The CQiR (The Critical Questions in Resuscitation)
Timely anticoagulant reversal is crucial in life or limb threatening bleeding and when emergent surgical procedures must be performed exigently; but patients are on anticoagulants for a reason, some of which lead them to be more prone to thrombosis if reversed. Anecdotally I have seen physicians simply watch the INR drift down in patients with mechanical valves presenting with intracranial hemorrhage and monitor for any further bleeding due to fear of thrombosis. Should patients with mechanical heart valves receive reversal for head bleeds? If so, is there a preference for PCC over FFP?
First, a little history
A 1998 prospective observational study in the neurosurgery literature described the dilemma of discontinuing anticoagulation in intracranial hemorrhage for patients with a mechanical valve. These valves have high potential for thromboembolic event and therefore a high INR goal is targeted.
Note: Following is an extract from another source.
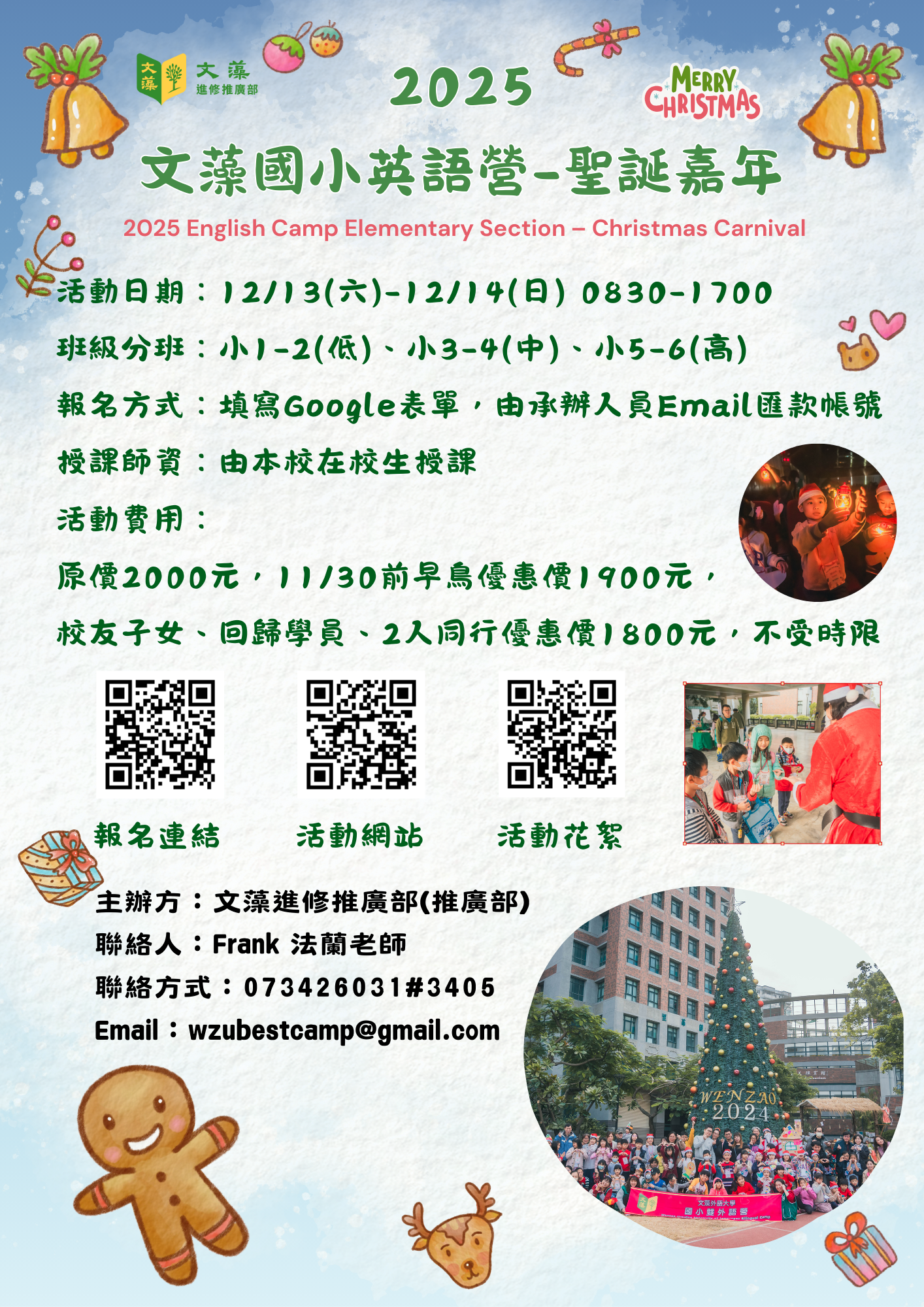 五、詳情可上本校進修推廣部網頁查詢: https://dee.wzu.edu.tw/Course/3899 ,或洽專線(07)3458212 。

It is intuitive that reversing this medication would increase the risk of embolization but the authors stated that the extent to which this occurs in unknown. 39 patients were studied over about 20 years at a single center and no embolic events were observed after reversal with Vitamin K and plasma (the reversal agent of choice at the time). The authors concluded that the risk of embolization during brief interruption of anticoagulation seems small.1 Years later in 2013 a case report was published describing safe reversal of warfarin using PCC in life threatening bleed in a patient with a mechanical valve2 so it seems that this remained a controversial topic, this time with the focus being on a new reversal agent. In 2015 the question of reversal agent continued as Farsad et al examined the efficacy of PCC and FFP for the reversal of warfarin in patients with mechanical valves. Many more patients in the PCC group met the target INR in 48 hours, while more than half of the FFP patients required additional dosing.3
To answer these CQIRs, I spoke with Dr. Jeannie Callum, researcher and director of transfusion medicine at Sunnybrook Hospital in Toronto, who gave clear answers, great tips, and dispelled some myths regarding anticoagulant reversal in this population.
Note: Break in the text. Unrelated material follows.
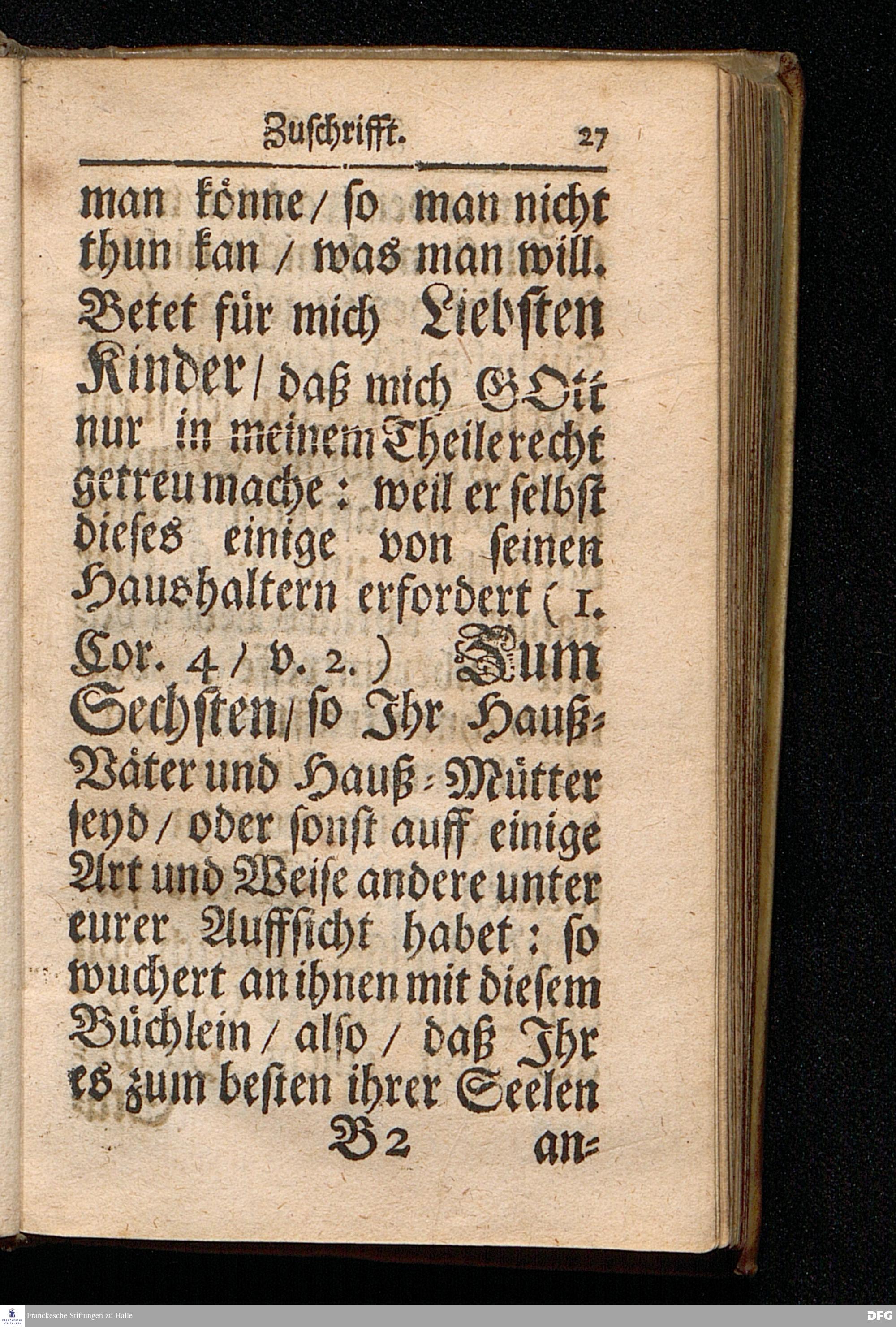 Aug.Herm.Franckens / S.S.Theol.P.Ord.& Past.Glauch. Schrifftmäßige Anweisung Recht und GOTT wohlgefällig Zu Beten / Nebst Einer Anfrage An die Hochlöbl.Theol.Facult. Zu KIEL Und deren RESPONSO, Die Gewißheit und Versicherung der Erhörung des Gebets betreffend. Andere EDITION. CUM PRIVILEGIO. HALLE /Gedruckt und verlegt im Wäysen=Hause. 1703.

In short-If a patient has an intracranial hemorrhage and is on warfarin, no matter what the reason for their anticoagulation, they need to be reversed with Vitamin K and PCC
Vitamin K should be given IV in this situation. A myth exists surrounding this situation which should be dispelled. The risk of anaphylaxis from IV Vitamin K is very rare. Previous association with anaphylaxis was due to castor oil additive,4 but this medication has been reformulated. Anaphylactoid reactions exist, so the IV medication should be pushed slowly and used only for emergent reversal needs.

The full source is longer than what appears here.